Summary
The first step to optimize website SEO is to first let spider crawlers come to your website frequently. The following Linux Command will let you know the spider crawling situation clearly. The following is an analysis of the nginx server. The directory of the log file is/usr/local/nginx/logs/access. log, access. the log file records the logs of the last day. First, check the log size. If it is large (more than 50 MB), we recommend that you do not use these commands for analysis, because these commands consume a lot of CPU, or, update and put it on the analytics machine for execution to avoid affecting the website speed.
Linux shell commands
1. Number of times Baidu spider crawls
Cat access. log | grep Baiduspider | wc
The leftmost value shows the number of crawlers.
2. detailed records of Baidu Spider (Ctrl C can be terminated)
Cat access. log | grep Baiduspider
You can also use the following command:
Cat access. log | grep Baiduspider | tail-n 10
Cat access. log | grep Baiduspider | head-n 10
Only the last 10 or the first 10 records can be viewed, so that you can know the start time and date of the log file.
3. Detailed record of Baidu spider crawling home page
Cat access. log | grep Baiduspider | grep "GET/HTTP"

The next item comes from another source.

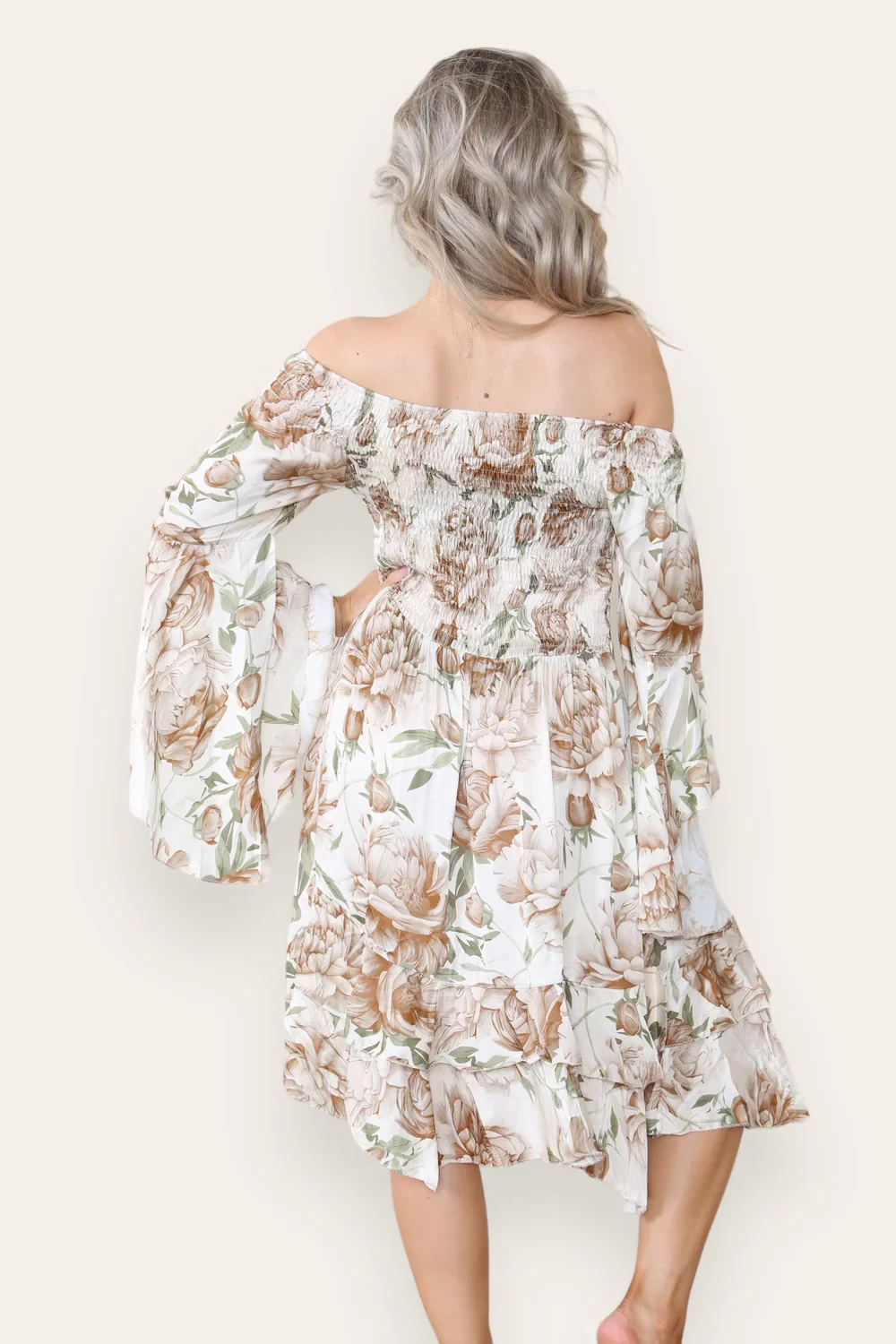 FLORAL SATIN OFF SHOULDER DRESS - BEIGE

Baidu spider seems to love the homepage every hour, while Google and Yahoo spider prefer the inner pages.
4. Time Point Distribution of Baidu Spider's dispatch record
Cat access. log | grep "Baiduspider" | awk '{print $4 }'
5. descending order of Baidu spider crawling pages
Cat access. log | grep "Baiduspider" | awk '{print $7}' | sort | uniq-c | sort-r
In this article, the Baiduspider can be changed to Googlebot to view Google's data. In view of the particularity of the Chinese mainland, we should pay more attention to Baidu's log.
Appendix :( Mediapartners-Google) Detailed crawling record of Google adsense spider
Cat access. log | grep Mediapartners
Mediapartners-What is Google? Google adsense ads can be related to content, because after each ad containing adsense is accessed, a Google spider, Mediapartners, will soon come to this page, so refresh the page in a few minutes to display the relevant ads. That's amazing!